**DATA PROVIDED**
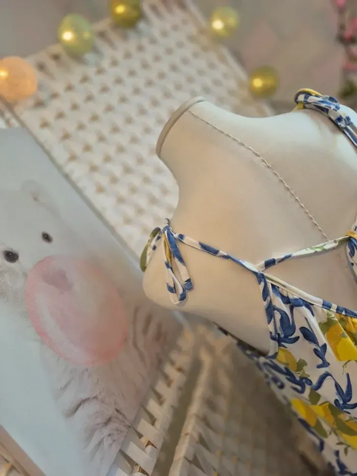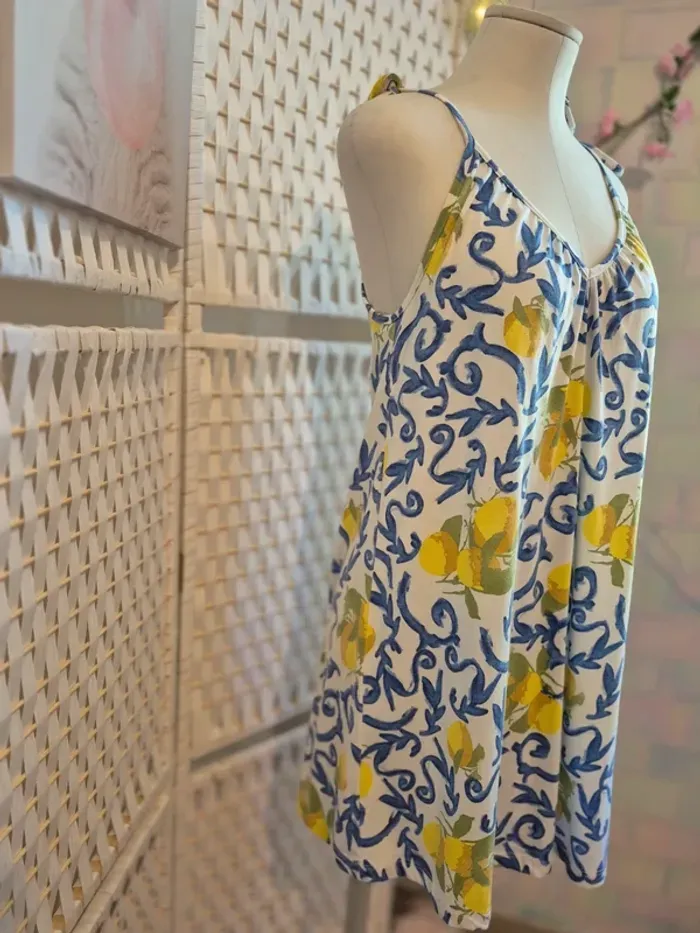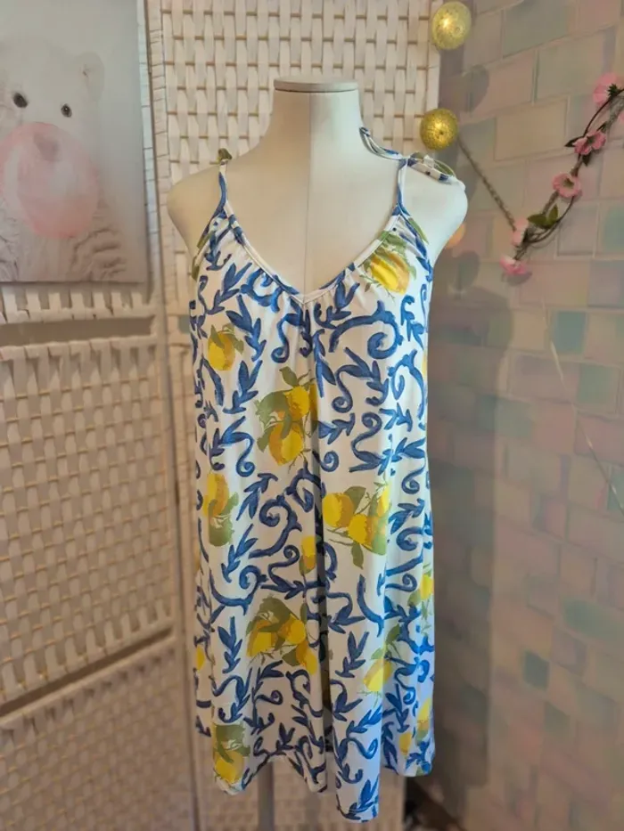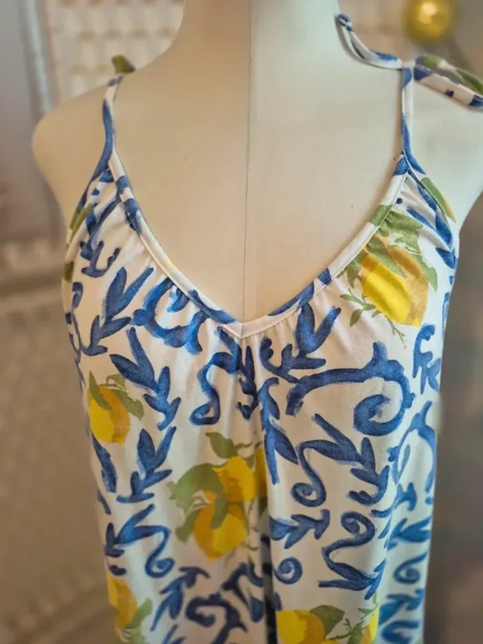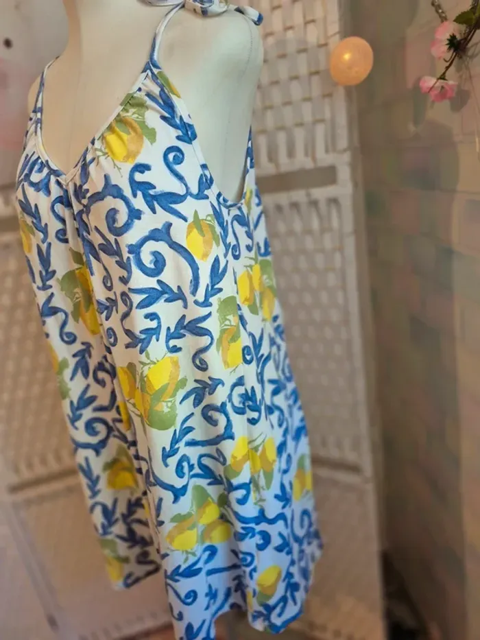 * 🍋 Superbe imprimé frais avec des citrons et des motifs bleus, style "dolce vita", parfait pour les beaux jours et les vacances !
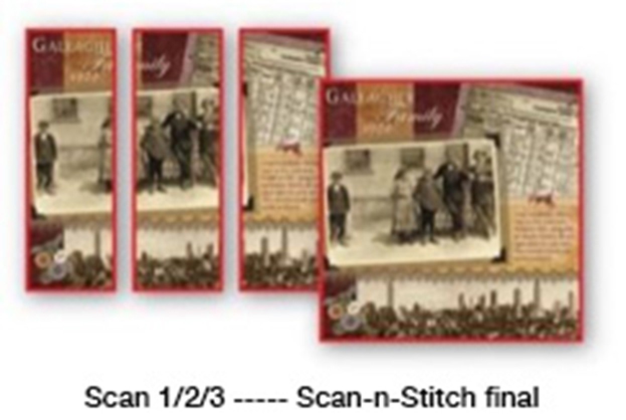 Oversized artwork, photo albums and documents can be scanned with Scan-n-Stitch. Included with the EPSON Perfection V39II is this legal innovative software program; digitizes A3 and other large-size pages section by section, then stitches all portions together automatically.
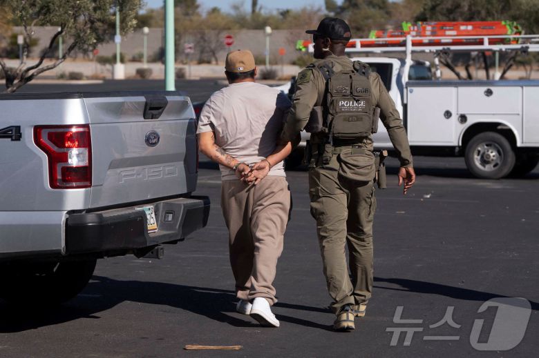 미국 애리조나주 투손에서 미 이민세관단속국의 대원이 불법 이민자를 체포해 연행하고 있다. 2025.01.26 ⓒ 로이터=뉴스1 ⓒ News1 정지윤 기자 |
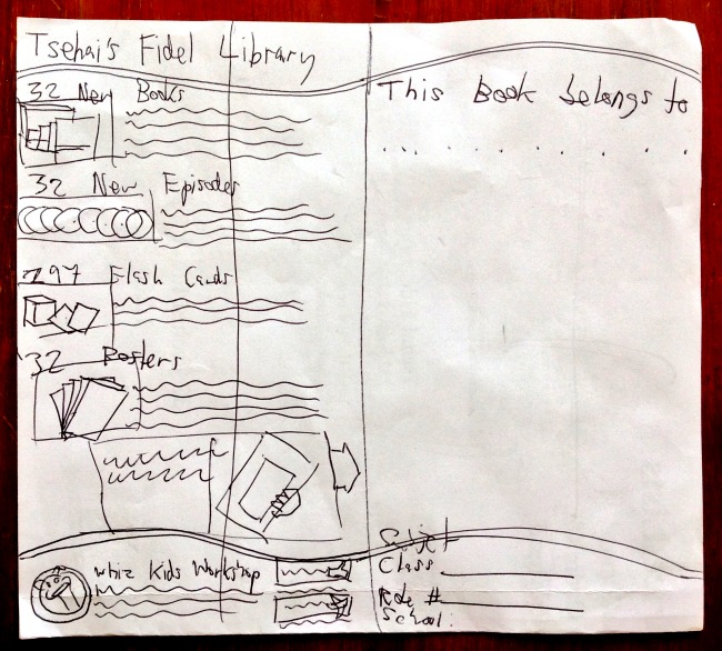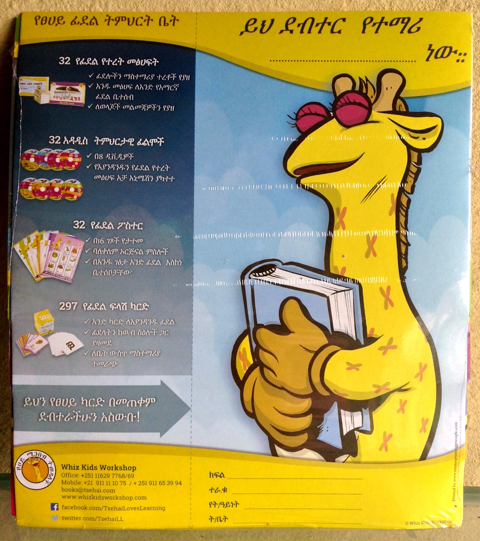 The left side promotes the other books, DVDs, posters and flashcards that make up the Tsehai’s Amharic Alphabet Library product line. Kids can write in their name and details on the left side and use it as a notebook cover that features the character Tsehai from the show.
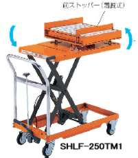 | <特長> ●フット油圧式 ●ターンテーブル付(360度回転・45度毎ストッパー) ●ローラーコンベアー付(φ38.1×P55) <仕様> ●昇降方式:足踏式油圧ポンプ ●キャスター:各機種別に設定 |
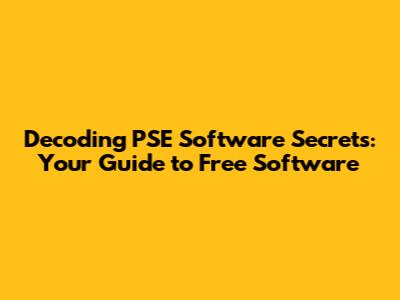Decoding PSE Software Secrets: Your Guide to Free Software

--

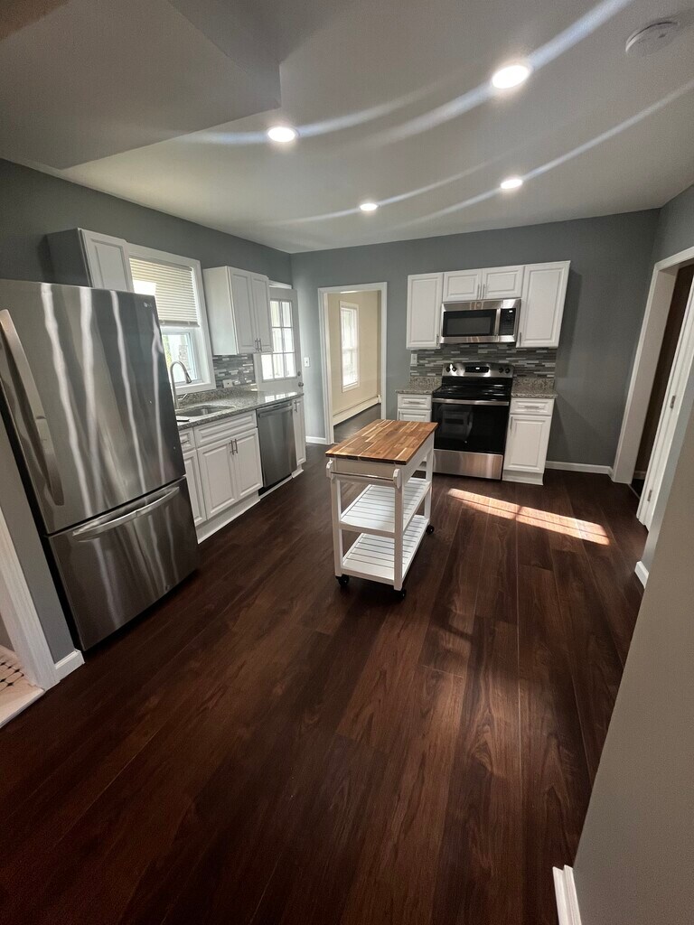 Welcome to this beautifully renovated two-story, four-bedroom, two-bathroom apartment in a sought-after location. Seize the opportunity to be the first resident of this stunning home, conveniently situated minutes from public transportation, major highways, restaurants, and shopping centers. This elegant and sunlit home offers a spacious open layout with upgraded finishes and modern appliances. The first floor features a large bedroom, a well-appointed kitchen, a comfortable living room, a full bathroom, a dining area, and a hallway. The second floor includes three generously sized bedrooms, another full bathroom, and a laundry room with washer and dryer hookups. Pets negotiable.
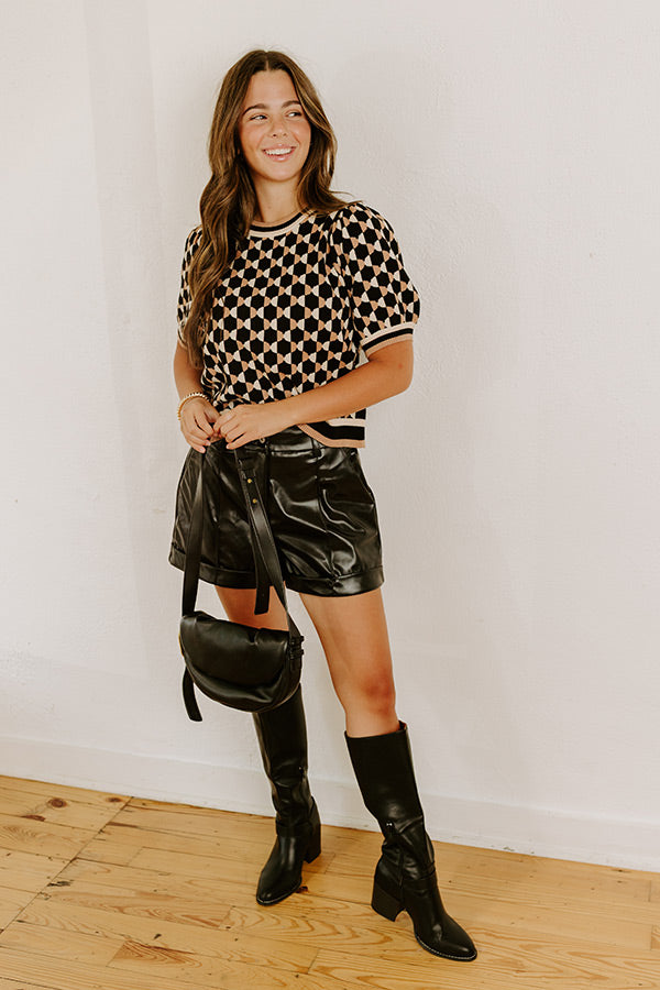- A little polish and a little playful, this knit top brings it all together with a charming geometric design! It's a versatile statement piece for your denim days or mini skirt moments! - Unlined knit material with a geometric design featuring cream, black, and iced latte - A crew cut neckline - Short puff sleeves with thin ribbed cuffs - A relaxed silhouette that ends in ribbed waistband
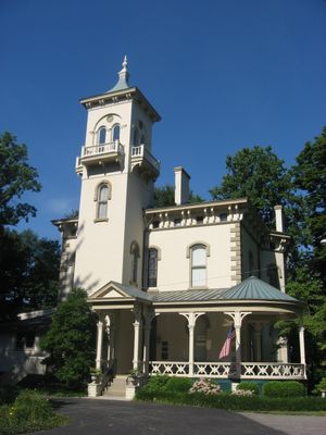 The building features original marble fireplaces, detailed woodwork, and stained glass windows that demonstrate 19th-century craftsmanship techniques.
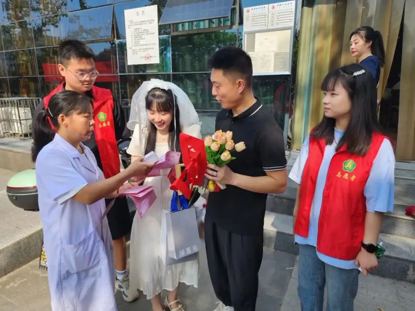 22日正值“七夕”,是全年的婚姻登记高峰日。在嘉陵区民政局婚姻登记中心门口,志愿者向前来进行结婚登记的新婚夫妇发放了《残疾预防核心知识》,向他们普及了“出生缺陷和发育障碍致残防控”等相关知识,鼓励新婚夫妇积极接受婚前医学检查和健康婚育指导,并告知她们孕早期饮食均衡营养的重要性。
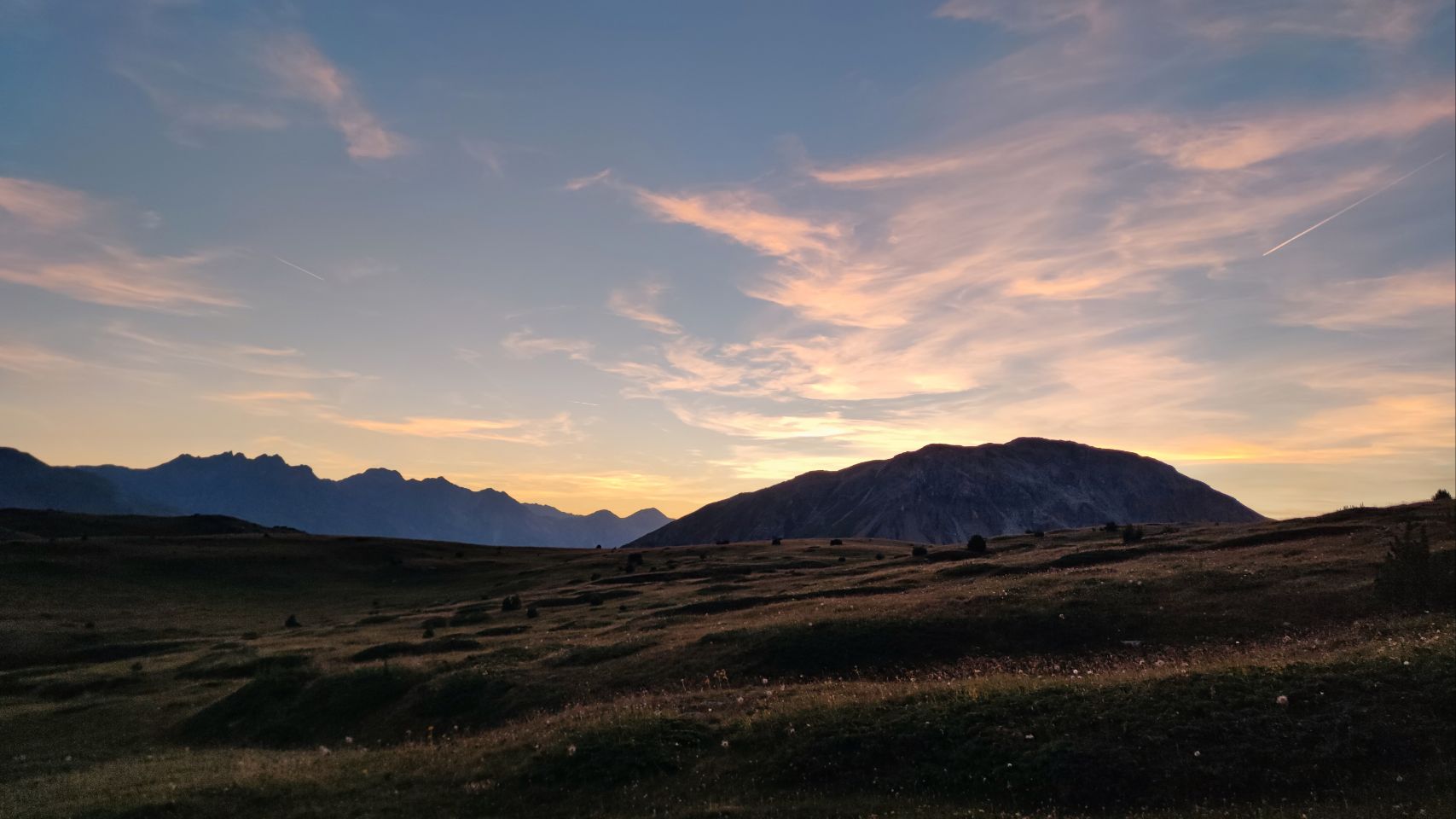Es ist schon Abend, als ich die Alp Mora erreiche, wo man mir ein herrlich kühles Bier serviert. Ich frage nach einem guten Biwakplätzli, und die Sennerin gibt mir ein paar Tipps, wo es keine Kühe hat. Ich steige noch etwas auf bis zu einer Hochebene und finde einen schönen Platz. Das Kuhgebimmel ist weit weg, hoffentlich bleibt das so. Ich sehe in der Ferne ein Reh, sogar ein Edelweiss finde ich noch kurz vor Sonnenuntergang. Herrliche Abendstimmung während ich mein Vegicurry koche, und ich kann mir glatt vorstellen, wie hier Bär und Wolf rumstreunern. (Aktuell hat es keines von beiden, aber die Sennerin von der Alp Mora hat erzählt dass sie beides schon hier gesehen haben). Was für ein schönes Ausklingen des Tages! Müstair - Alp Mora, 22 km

==

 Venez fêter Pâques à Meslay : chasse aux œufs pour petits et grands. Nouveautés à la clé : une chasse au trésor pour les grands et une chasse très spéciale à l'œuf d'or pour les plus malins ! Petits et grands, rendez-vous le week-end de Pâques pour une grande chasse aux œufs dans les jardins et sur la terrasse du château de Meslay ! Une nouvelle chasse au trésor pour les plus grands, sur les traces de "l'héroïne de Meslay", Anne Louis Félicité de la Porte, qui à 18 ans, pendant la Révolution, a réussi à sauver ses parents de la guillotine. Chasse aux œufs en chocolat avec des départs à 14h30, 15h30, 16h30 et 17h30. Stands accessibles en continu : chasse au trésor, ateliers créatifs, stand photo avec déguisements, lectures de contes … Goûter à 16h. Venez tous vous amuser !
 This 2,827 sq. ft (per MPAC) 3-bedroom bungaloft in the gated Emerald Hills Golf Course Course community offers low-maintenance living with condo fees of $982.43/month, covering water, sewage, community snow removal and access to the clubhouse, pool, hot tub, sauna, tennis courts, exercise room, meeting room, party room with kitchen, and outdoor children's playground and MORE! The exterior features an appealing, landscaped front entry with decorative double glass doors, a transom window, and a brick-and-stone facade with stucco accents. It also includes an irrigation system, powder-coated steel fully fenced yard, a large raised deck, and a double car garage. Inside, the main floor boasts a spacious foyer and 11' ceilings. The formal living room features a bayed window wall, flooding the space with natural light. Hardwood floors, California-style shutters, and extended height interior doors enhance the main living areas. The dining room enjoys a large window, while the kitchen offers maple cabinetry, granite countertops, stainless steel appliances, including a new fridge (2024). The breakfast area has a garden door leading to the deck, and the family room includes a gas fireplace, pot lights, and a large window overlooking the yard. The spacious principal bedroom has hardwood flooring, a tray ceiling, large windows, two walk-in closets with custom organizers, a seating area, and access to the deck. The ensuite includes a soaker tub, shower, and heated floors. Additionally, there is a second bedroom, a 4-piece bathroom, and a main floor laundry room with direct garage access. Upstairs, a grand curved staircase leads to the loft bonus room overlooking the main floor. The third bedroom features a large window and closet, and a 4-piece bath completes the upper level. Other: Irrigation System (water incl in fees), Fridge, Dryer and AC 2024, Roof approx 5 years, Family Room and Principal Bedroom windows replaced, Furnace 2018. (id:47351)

**ASSIGNMENT**
Looking at the listing above, which lines run from the one containing "les vacances !" through the one containing "Decoding PSE Software"? Print exactly those, ends included, pictures excluded.

**SOLUTION FOR THIS TASK**
 * 🍋 Superbe imprimé frais avec des citrons et des motifs bleus, style "dolce vita", parfait pour les beaux jours et les vacances !
 Oversized artwork, photo albums and documents can be scanned with Scan-n-Stitch. Included with the EPSON Perfection V39II is this legal innovative software program; digitizes A3 and other large-size pages section by section, then stitches all portions together automatically.
 미국 애리조나주 투손에서 미 이민세관단속국의 대원이 불법 이민자를 체포해 연행하고 있다. 2025.01.26 ⓒ 로이터=뉴스1 ⓒ News1 정지윤 기자 |
 The left side promotes the other books, DVDs, posters and flashcards that make up the Tsehai’s Amharic Alphabet Library product line. Kids can write in their name and details on the left side and use it as a notebook cover that features the character Tsehai from the show.
 | <特長> ●フット油圧式 ●ターンテーブル付(360度回転・45度毎ストッパー) ●ローラーコンベアー付(φ38.1×P55) <仕様> ●昇降方式:足踏式油圧ポンプ ●キャスター:各機種別に設定 |
Decoding PSE Software Secrets: Your Guide to Free Software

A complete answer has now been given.